Research by NCA and CybSafe highlights growing concerns about AI-enabled cybercrime and the easy-go-lucky approach to AI cybersecurity in the workplace. (Photo: Shutterstock)
The rise of generative AI (GenAI) in cybersecurity is raising concerns, with 65% of respondents expressing concern about AI-related cybercrime, according to a new survey. This concern is one of the key findings of “Oh Behave!” The Annual Cybersecurity Attitudes and Behaviors Report 2024 was released by the US-based National Cybersecurity Alliance (NCA) and CybSafe.
Based on a survey of 7,012 people across seven countries, the report highlights a significant gap in concern and preparedness when dealing with AI-powered cyber threats.
The report reveals that fear of AI-based cyberattacks varies by generation. The Silent Generation, those born between 1928 and 1945, are the most concerned, with 73% expressing fear of AI-related cyber risks, closely followed by Baby Boomers at 70%. Gen Xers are less concerned, with 61% expressing anxiety. Although younger generations remained concerned, their anxiety levels were lower.
Despite this growing concern, this study highlights the issue of a lack of training on AI-related cybersecurity risks. According to the study, 55% of AI tool users report receiving no formal training on the security and privacy risks associated with these technologies. This is further exacerbated by the fact that 56% of participants said they do not use AI tools at all, suggesting a large knowledge gap overall.
“The growing concern about AI-related cybercrime reflects a growing awareness of the digital threats we face,” said Lisa Plaggemier, executive director of the National Cybersecurity Alliance. “However, more than half (56%) of participants do not even use AI tools, and most (55%) of participants who do use AI have not been trained on the risks, making it even more likely. It’s clear that a lot of education and resources are needed.”
Staff having fun playing with AI at work
Another worrying statistic revealed that 38% of AI users admitted to sharing sensitive work-related information with an AI tool without their employer’s knowledge. Younger generations, especially Gen Z (46%) and Millennials (43%), are more likely to engage in this risky behavior compared to older generations.

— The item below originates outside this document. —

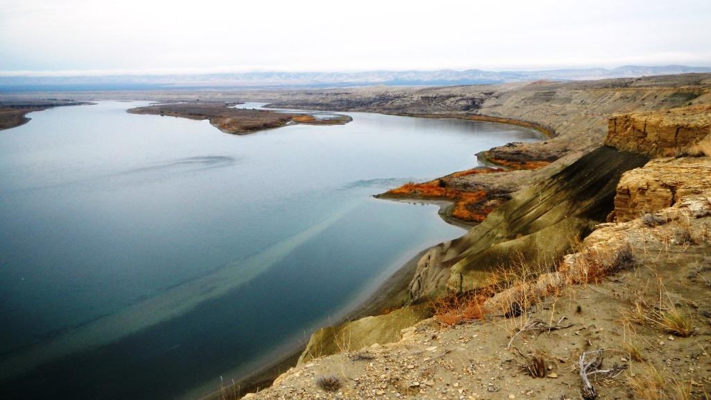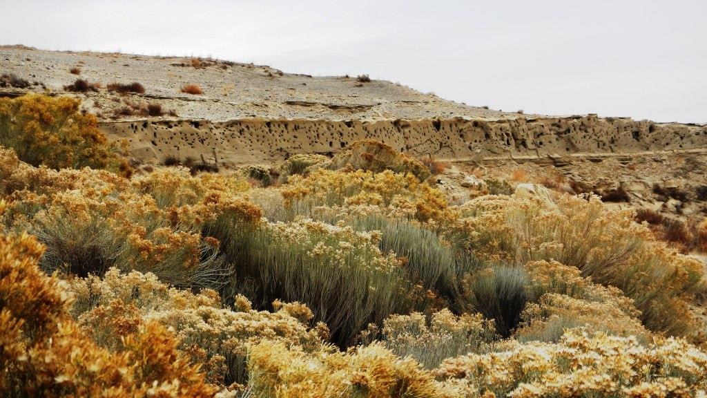 We had lunch on a lower landslide bench nestled in a large patch of fall-blooming wind-guarding rabbit brush. Orange-colored tumbleweeds were caught in the back slopes of the landslides, as the high winds surely would have blown them far away otherwise. We saw evidence of the Missoula Floods in the form of erratics tossed about here and there. Coyote and deer tracks were numerous, and we spotted ducks and geese/swans, crows, chukkars, and hawks.

“AI poses unique and urgent challenges, but the core risks remain the same,” said Oz Alashe, CEO and founder of CybSafe. “Many employees understand what it takes to protect their workplaces from cyber threats, but the key to strengthening organizational resilience is turning that knowledge into regular, safe actions. .”
The report shows a significant increase in the use of generative AI tools like ChatGPT, which is the most popular generative AI tool among users, with 65% of AI tool users using ChatGPT. I did. Despite this popularity, the increased use of GenAI also increases security risks such as phishing attacks and the creation of deepfakes, making it harder for individuals to detect fraudulent content.
The report also found that 77% of participants believe that technology companies should have primary responsibility for regulating and overseeing the use of generative AI, providing oversight for rapidly evolving technologies. The need for strengthening is emphasized.
Beyond AI-related concerns, the report highlights a broader increase in cybercrime incidents. There were 3,346 cybercrime incidents reported in 2024, an increase of 1,299 incidents from the previous year. Phishing scams remain the most common, accounting for 44% of all incidents. Additionally, 35% of survey respondents reported being a victim of cybercrime, an 8% increase from 2023.
These challenges are further compounded by the increasing sophistication of AI-powered attacks, including AI-generated phishing and deepfake techniques. The report also found that 91% of phishing incidents are reported by victims, highlighting not only increased awareness but also the persistence of the threat.
Despite increasing awareness of cyber threats, many participants still struggle to adopt safe behaviors. For example, only 65% of respondents consistently use their own passwords, and 46% said they have never used a password manager. Additionally, 81% of participants are aware of multi-factor authentication (MFA), but only 66% use it regularly.